Tuesday, June 25, 2024

White Cheddar Macaroni and Cheese

 

Ingredients

For the Mac and Cheese

  • 18 ounces white cheddar cheese Buy blocks and grate it yourself!
  • 1 lb pasta of your choice
  • 6 tbsp salted butter
  • 1/3 cup + 1 tbsp all-purpose flour 
  • 4 cups milk
  • 1/2 tsp salt
  • 1/4 tsp pepper
  • 1/4 tsp nutmeg

Brown Butter Breadcrumbs

  • 2 tbsp salted butter
  • 1/2 cup panko breadcrumbs
  • optional – fresh herbs like thyme and sage, or a pinch of dried herbs

Instructions

  • Make the Brown Butter Breadcrumbs: Melt the butter in a medium saucepan, and add a handful of fresh herbs (optional) while it browns. It will brown in just a few minutes – be sure to stir the whole time. Once the butter is a deep golden brown color, add the breadcrumbs and stir to combine.

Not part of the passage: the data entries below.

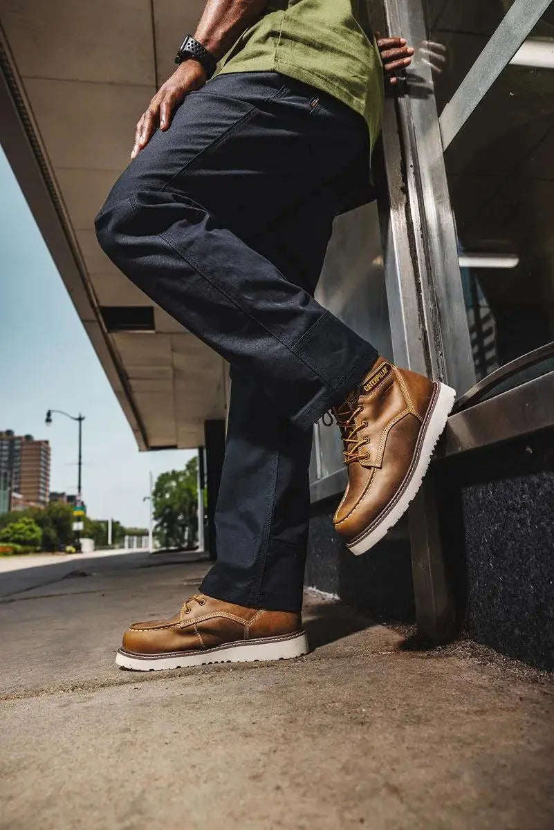 The Reclaimer is a classic wedge work boot that embodies the integrity and toughness synonymous with the world’s leading machinery brand. This moc toe design features a waterproof leather upper, offering both soft and steel toe options to suit your needs. The stable wedge outsole ensures the traction you expect, making the Reclaimer the perfect blend of durability and performance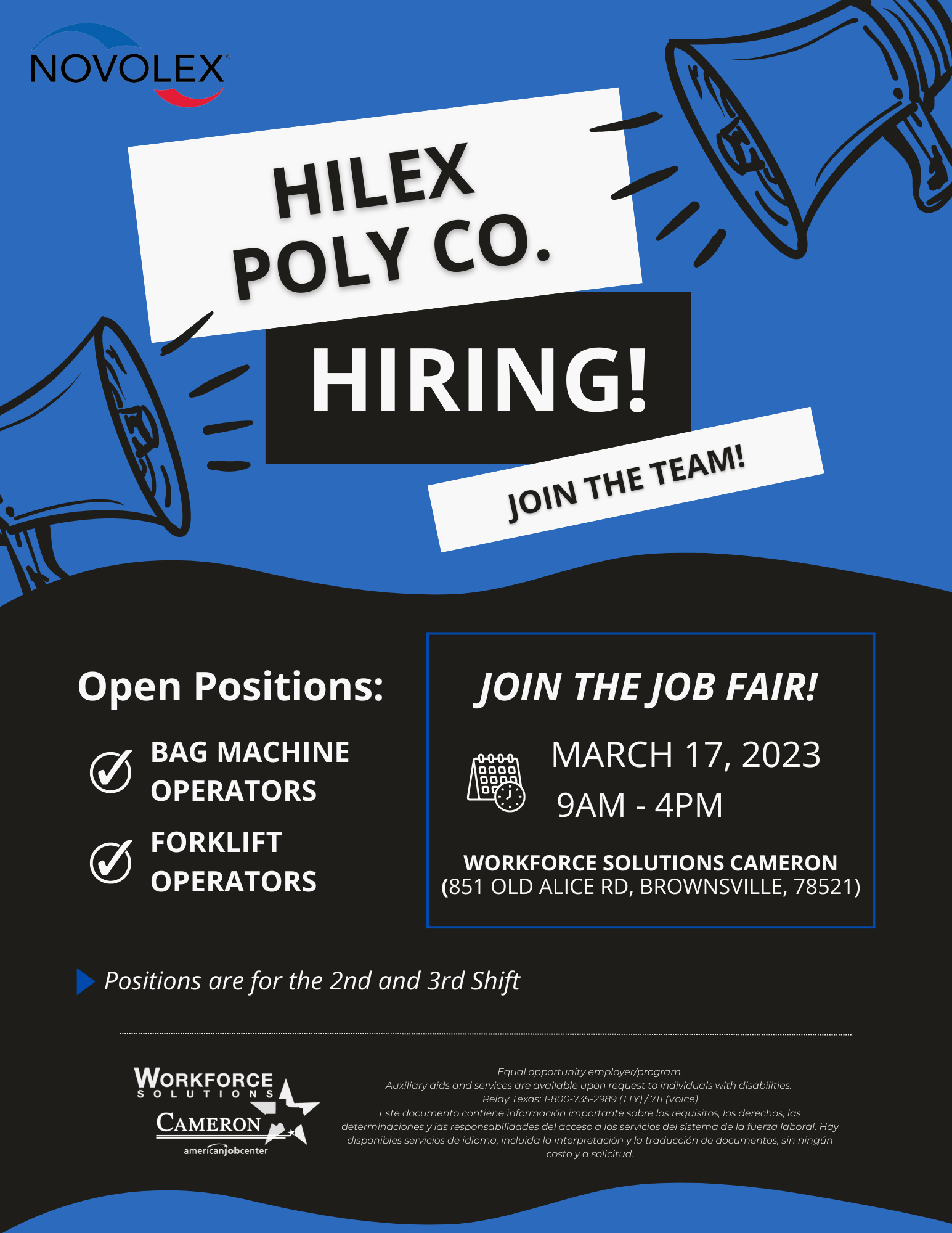 Looking for a job in the manufacturing industry? Hilex Poly Novolex is hiring! Don’t miss the job fair happening from 9AM to 4PM, March 17th, at Workforce Solutions Cameron in Brownsville.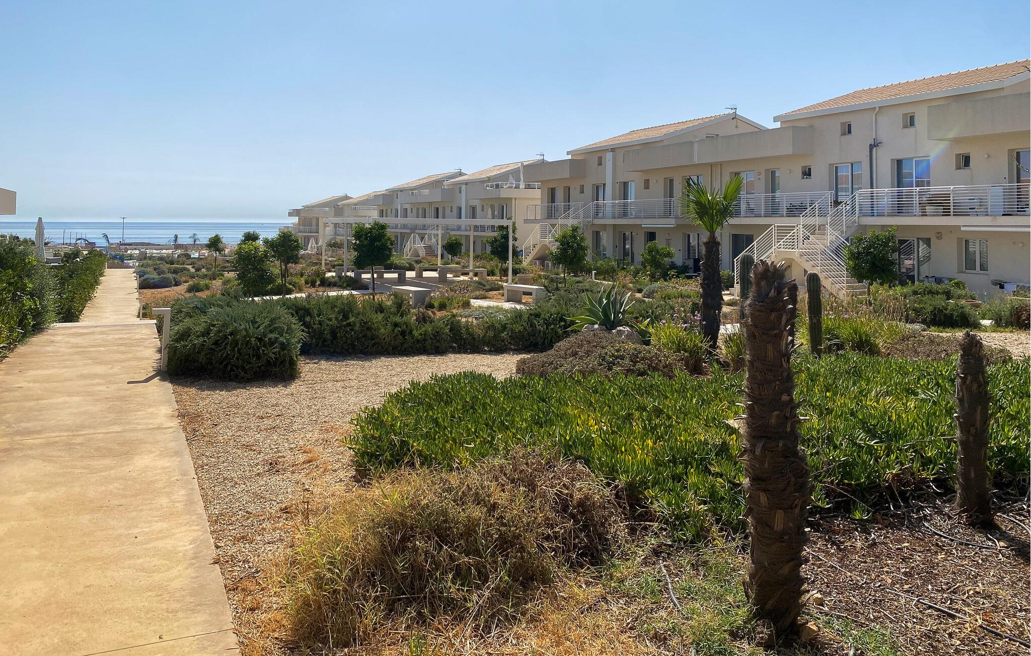 Kliv ut och slå dig ner på din privata terrass. Börja morgonen med frukost under markisen och låt blicken vandra över poolen och havet. Koppla av på eftermiddagen med en bok eller avsluta dagen med ett glas vin. Ta ett uppfriskande dopp i den rymliga gemensamma poolen och njut av den välskötta tomten som är omgiven av olivträd och andra medelhavsväxter.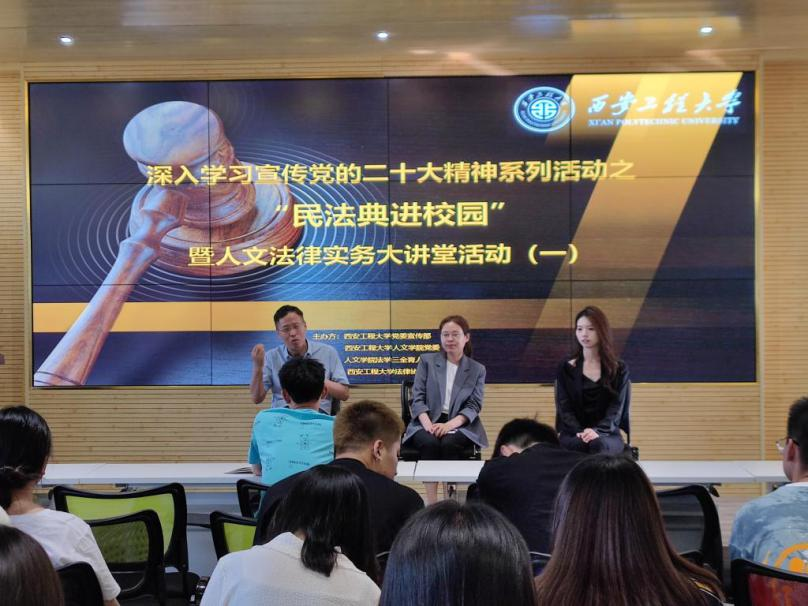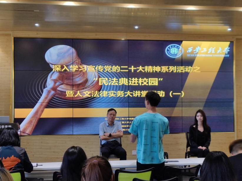 为深入学习宣传贯彻党的二十大精神,落实省普法办、省司法厅《关于转发2023年美好生活·民法典相伴主题宣传方案》通知要求,加强民法典普法工作,提高师生法律意识,营造文明、平安、和谐的校园育人环境,5月24日,由党委宣传部和委联合举办的“民法典进校园”系列活动在临潼校区举行。

Toast, stirring, for a few minutes until the panko is browned. Transfer to a small bowl and set aside. 
  • Prep: Shred your cheese (this can be done up to a day or two ahead). Cook your pasta according to package directions, then drain and set aside. 
  • Make the White Cheddar Sauce: Melt the butter in a large dutch oven over medium heat. Add the flour and whisk until it's combined and no lumps remain. Slowly pour in the milk, stirring constantly to avoid any lumps. Cook over medium heat for 3-4 minutes, stirring lazily, to thicken. See photos above for reference – it should coat the back of a spoon, and hold a trail when you drag your finger across the back of the spoon. Season with the salt, pepper, and nutmeg. Add the grated cheese, a few handfuls at a time, stirring until completely melted before adding more cheese. This will help ensure a smooth sauce. Once the cheese is all added, stir in the pasta. Taste the mac and cheese and add additional seasonings as desired. 
  • Serve + Store: Serve immediately with plenty of brown butter breadcrumbs on top! Store leftovers in an airtight container in the fridge for 4-5 days. Add a splash of milk when you reheat to revive the creaminess.